Another possiblity: get a hold of Ben Huh at Pet Holdings, Inc (of lolcatz,
loldogs, and failblog fame), as they seem to be interested in this sort of
thing, as shown by their most recent site, <http://graphjam.com>.

------
og1
How much did you try with mechanical turk? My experience is that when
describing a HIT (Human Intelligence Task) it takes a few tries to get the
results you want. I suspect that if you asked for an entire quiz you'd get bad
results. If I were setting up a HIT I would give the user three sample quiz
topics and only have them create a single question for the quiz.

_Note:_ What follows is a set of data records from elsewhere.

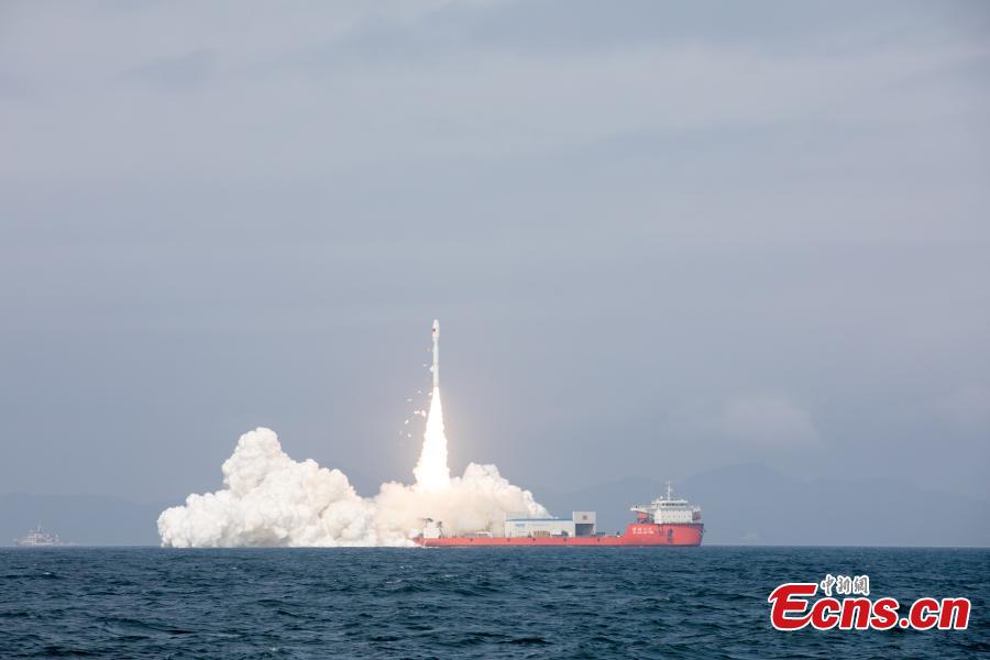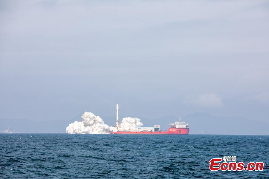 A Smart Dragon-3 carrier rocket carrying nine satellites blasts off from waters off the coast of Yangjiang, in south China's Guangdong Province, Feb. 3, 2024. (Photo: China News Service/An Di)
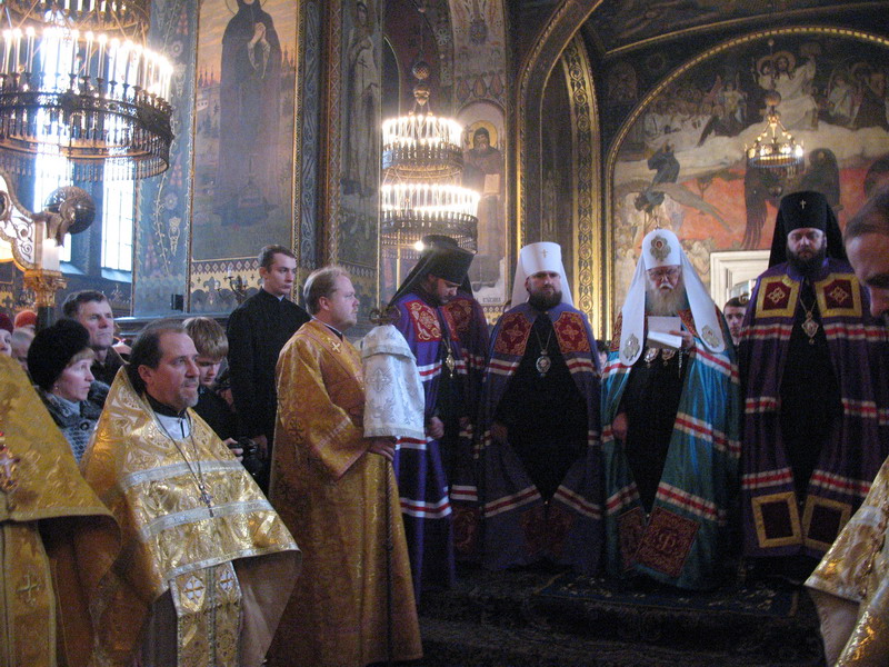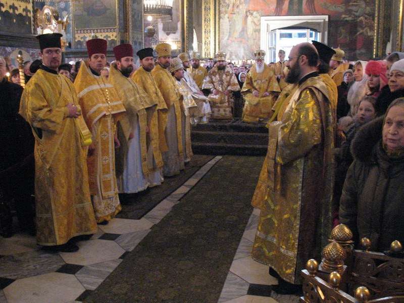 1 лютого 2009 р. Початок Божественної Літургії у Володимирському соборі Києва. Очолює Богослужіння Патріарх Київський і всієї Руси-України Філарет. Справа від Святійшого – архімандрит Марк (Левків), якого під час цієї відправи висвятять на єпископа Кіровоградського і Голованівського. Світлина ієромонаха Якова (Мільяна)
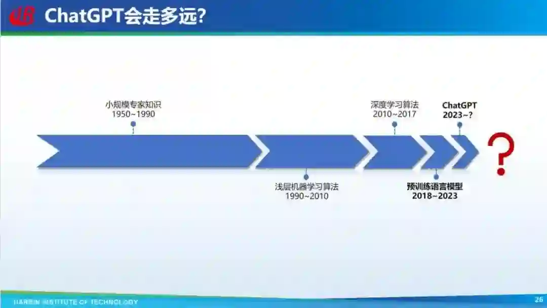 ChatGPT 到底还会走多远,我还以之前的趋势图进行介绍。从图中可以看到,一个技术范式的历程大概是上一个历程的一半。比如前面基于专家知识做了四十年,浅层机器学习算法做了二十年,深度学习做了十年,预训练模型做了五年,那么 ChatGPT 还能做多少年?根据现有的趋势推测可能 2.5 年,也就是到 2025 年可能又要更新换代了。但是这么发展下去会什么样? 有人会说这个预测不对,如果按这个预测来讲,可能到某一天技术就停止进步了。我认为也可能会出现这种情况,因为随着人工智能的发展,可能会威胁到人类,一旦人工智能威胁到人类生存之后,有可能会被立法禁止人工智能技术的进步。

I would then
only use the top percentage of questions answered yet still accept people's
responses even if they were not used but still within the HIT's requirements.

Also, I think you can still benefit from seeding some more on your own.

------
jacquesm
Make them make quizzes one question at a time instead of multiple ? (lower
barrier to entry)

Give them an incentive ?

Make it seem like the ability to make a quizz is a privilege awarded only to
special users ?

Attach their username to quiz questions that they've added ?

Offer to send them results on how well people scored in their quizzes.

Hope there is anything useful for you in there!

greetings,

Jacques

------
DanielStraight
It can't hurt to make the call to action to make quizzes more prominent.
"Make" listed among other plain text menu options hardly screams for action.
Perhaps put some sort of call to make a quiz along with the list of quizzes.
Or put a big "Make your own" at the end of the list of quizzes. I also really
like the idea JangoSteve suggested of creating incentive (in the form of
bragging rights) for making popular quizzes.

------
petervandijck
Check out how <http://hunch.com> gets people involved, there are some good
lessons there.

------
ScottWhigham
Well, I suppose your first step is to market to people who need to make
quizzes. Who are you marketing to?